加害者の小川はプロ野球選手時代に一定の数字を残し、引退後は7年間コーチを務めたにも関わらず、引退後に「『球界関係者としては前代未聞の強盗殺人』を犯したセンセーショナルな事件」として注目された[1]

概要[編集]

名投手からの暗転[編集]

野球選手として活躍した小川博は高校時代に投手として3回甲子園に出場し、「群玉(群馬の玉三郎)」と呼ばれ、甲子園のアイドルとなる。高校卒業後、青山学院大学へ進学して、青学大野球部の躍進に貢献。大学4年時にドラフト2位でロッテオリオンズに入団。1988年にはオールスターに出場し、5者連続三振を奪い、伝説の10.19の第1試合ではロッテの先発投手を務めた。この年は自身初の2ケタ勝利を挙げ、両リーグ最多の204奪三振を記録し、最多奪三振のタイトル創設のきっかけを作るなどの実績があったため、翌年の年俸は2200万円に倍増した[2]。しかし、1989年に肩を痛めてから[3]低迷し、1992年に現役を引退した。

1999年までコーチ、2000年から2002年まで編成担当の球団職員を務めた。しかし、かつて大金を稼いでいた頃の浪費癖や遊興費、携帯電話のアダルトサイト使用料で借金を重ね[4]、金融機関だけでなく、かなりの数の知人に金を借りたため、小川自身の信用を貶めた。また、小川は離婚していたため、養育費や慰謝料、住宅ローンなども抱え込み、さらに経済的に追い詰められるようになった。

2002年11月に借金催促が球団にも及んだことが理由で解雇され、球界を離れる。2003年1月に埼玉県産業廃棄物処理会社に就職、2003年4月に1750万円の借金を抱え自己破産をした[5]。同年10月、再婚した妻と2人の子どもとさいたま市の賃貸マンションに引っ越したが、ヤミ金融数社から借金していたことも発覚した[2]

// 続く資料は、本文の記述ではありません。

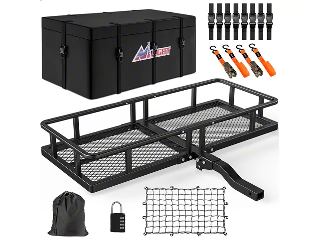 Installation. Installation is quick and easy, fitting into any standard 2-inch receiver hitch. Compatible with cargo bags, nets, and bungees, this carrier offers flexible storage options for various hauling needs.

2004年夏頃、小川がさいたま市の浦和グラウンド選手控室に入ってすぐに姿を消したことが頻繁に見られていた事があった、ロッテ関係者によれば同時期に選手の所持品(ロレックスの腕時計等)やクレジットカードが無くなる事件が頻繁に見られ、窃盗の被害届が増えた事から「小川が犯人ではないか?」と噂になっていた[6]

強盗殺人[編集]

2004年11月18日午後6時30分、小川は当日中に返済が必要な3万円の金策のために上尾市にある勤務先の産廃処理会社の会長宅を尋ねた。会長は留守であったため、住み込みで働いていた家政婦の67歳女性が応対。小川は女性に金の無心をした[5]。しかし、同年8月に会長宅で室内が荒らされる事件や[7]同年11月に社員寮で50万円が盗まれる事件が発生しており、どちらも状況から社内の人間の犯行が疑われ、借金のある小川も疑いを受けていた。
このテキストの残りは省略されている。